[Records contained in a dataset]
----

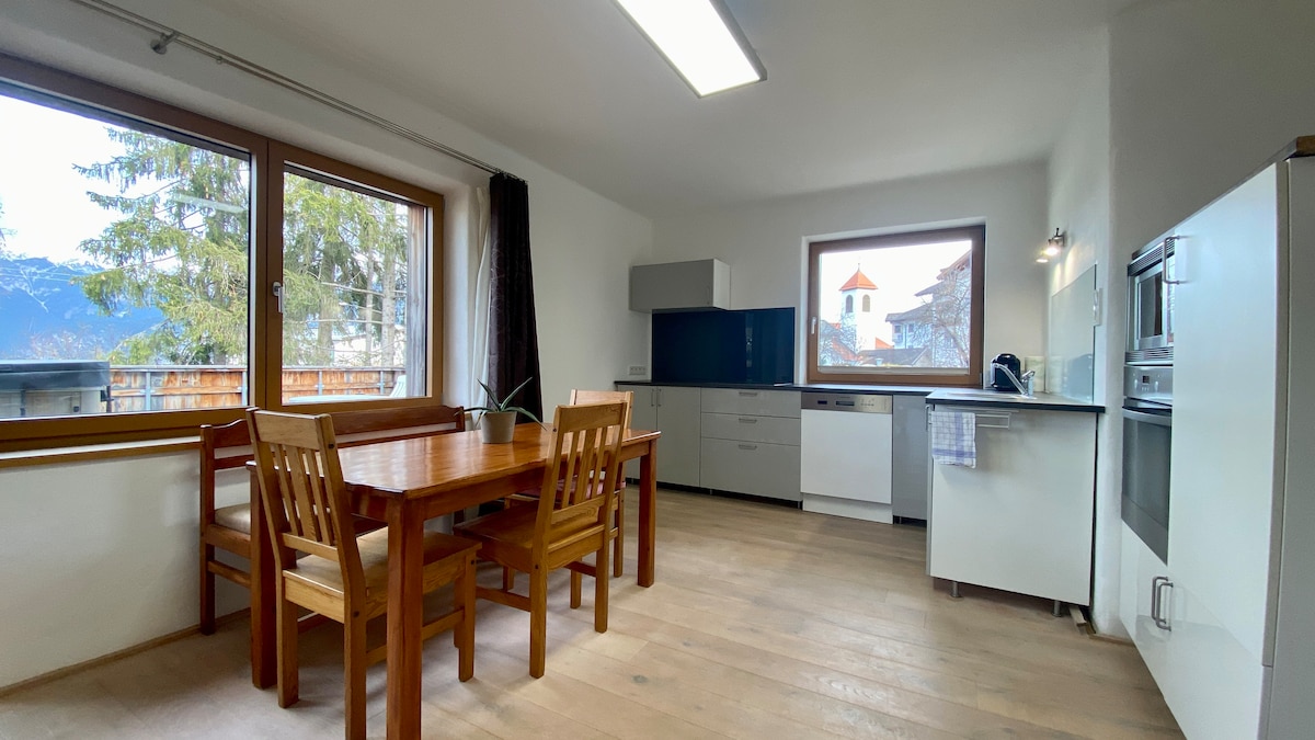 Terres de fusta, guix d'argila, mobles de fusta antics restaurats amb cura, el bany gran i lluminós. Aquest pis dona espai per relaxar-se i sentir-se còmode. La cuina i la sala d'estar és moderna i senzilla, et convida a cuinar i gaudir. L'espai habitable està inundat de llum, té una finestra preciosa i un gran balcó amb unes vistes precioses dels peus alpins. Dues habitacions acollidores i una petita sauna de guix d'argila fan que l'apartament sigui una petita casa temporal.
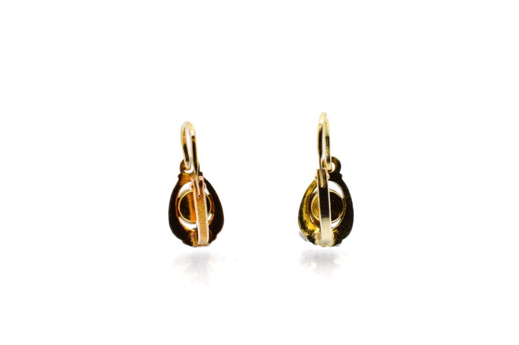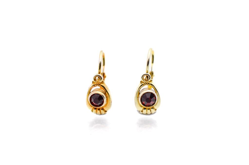 Pozlacené stříbrné náušnice s rubínem, visací. Ryzost 900/1000, punc zajíc. Váha 1,65 g, výška 15 mm, šířka 6 mm. Rubín je syntetický.
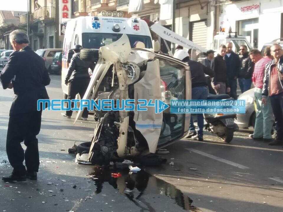 Quattro le auto coinvolte, una delle quali (una Fiat 600) – a causa del violento impatto – ha finito addirittura col ribaltarsi. Completamente distrutta la parte anteriore del veicolo.
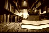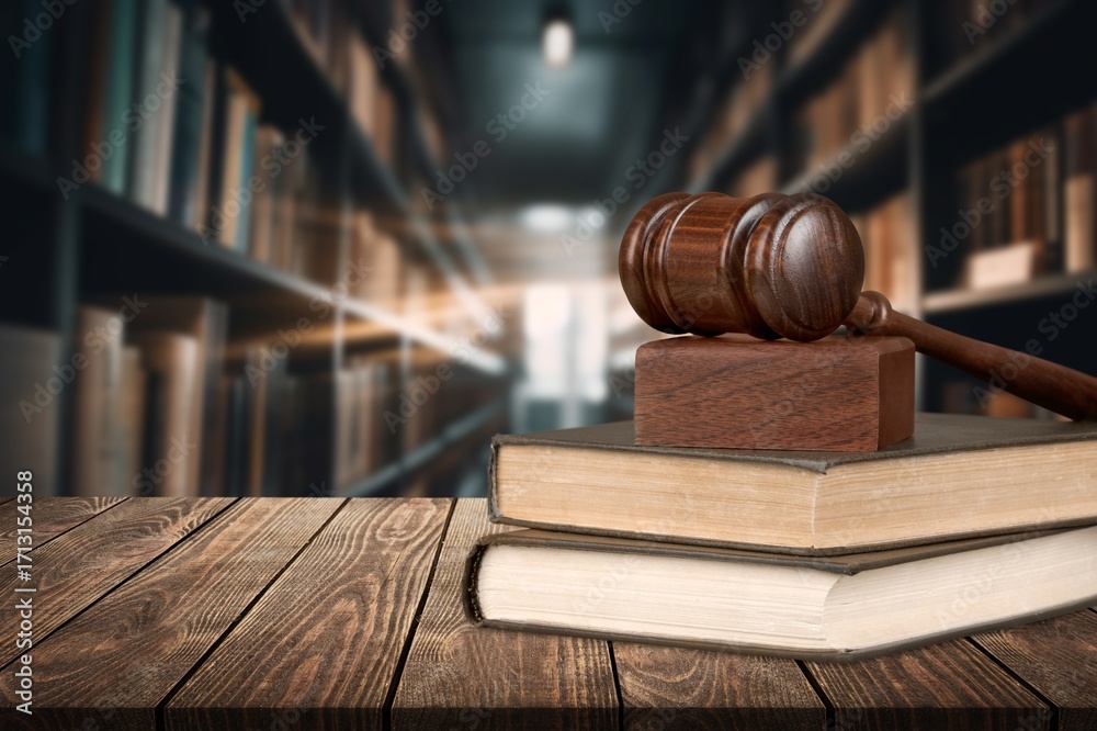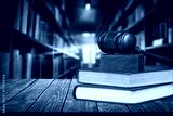 Law education, legal study concept, books in library
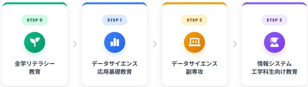 STEP2「データサイエンス副専攻」の中核をなす必修・選択必修科目から構成されており、各学科の指定する「データサイエンス活用演習*1」科目では、自身の学問分野におけるデータサイエンスの活用を学び、実践していく力を養成しています。
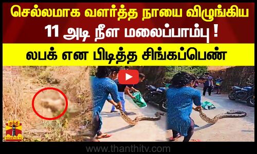 செல்லமாக வளர்த்த நாயை விழுங்கிய 11 அடி நீள மலைப்பாம்பு! லபக் என பிடித்த சிங்கப்பெண்
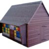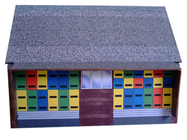 Modellbausatz eines traditionellen kleinen Bienenhauses aus Holz mit farbigen Bienenstöcken.
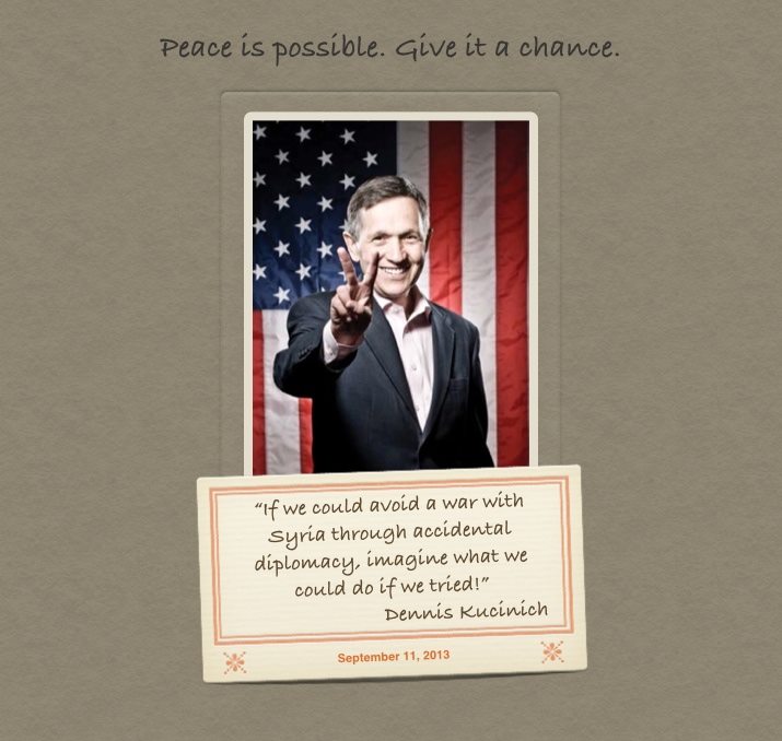 This entry was posted in foreign policy, Quotations, Syria, war and tagged Dennis Kucinich, diplomacy, Peace is Possible. Bookmark the permalink.

----

* **Activity**
The records above are to be copied exactly, with no pictures carried over.

* **Exercise answer**
 Terres de fusta, guix d'argila, mobles de fusta antics restaurats amb cura, el bany gran i lluminós. Aquest pis dona espai per relaxar-se i sentir-se còmode. La cuina i la sala d'estar és moderna i senzilla, et convida a cuinar i gaudir. L'espai habitable està inundat de llum, té una finestra preciosa i un gran balcó amb unes vistes precioses dels peus alpins. Dues habitacions acollidores i una petita sauna de guix d'argila fan que l'apartament sigui una petita casa temporal.
 Pozlacené stříbrné náušnice s rubínem, visací. Ryzost 900/1000, punc zajíc. Váha 1,65 g, výška 15 mm, šířka 6 mm. Rubín je syntetický.
 Quattro le auto coinvolte, una delle quali (una Fiat 600) – a causa del violento impatto – ha finito addirittura col ribaltarsi. Completamente distrutta la parte anteriore del veicolo.
 Law education, legal study concept, books in library
 STEP2「データサイエンス副専攻」の中核をなす必修・選択必修科目から構成されており、各学科の指定する「データサイエンス活用演習*1」科目では、自身の学問分野におけるデータサイエンスの活用を学び、実践していく力を養成しています。
 செல்லமாக வளர்த்த நாயை விழுங்கிய 11 அடி நீள மலைப்பாம்பு! லபக் என பிடித்த சிங்கப்பெண்
 Modellbausatz eines traditionellen kleinen Bienenhauses aus Holz mit farbigen Bienenstöcken.
 This entry was posted in foreign policy, Quotations, Syria, war and tagged Dennis Kucinich, diplomacy, Peace is Possible. Bookmark the permalink.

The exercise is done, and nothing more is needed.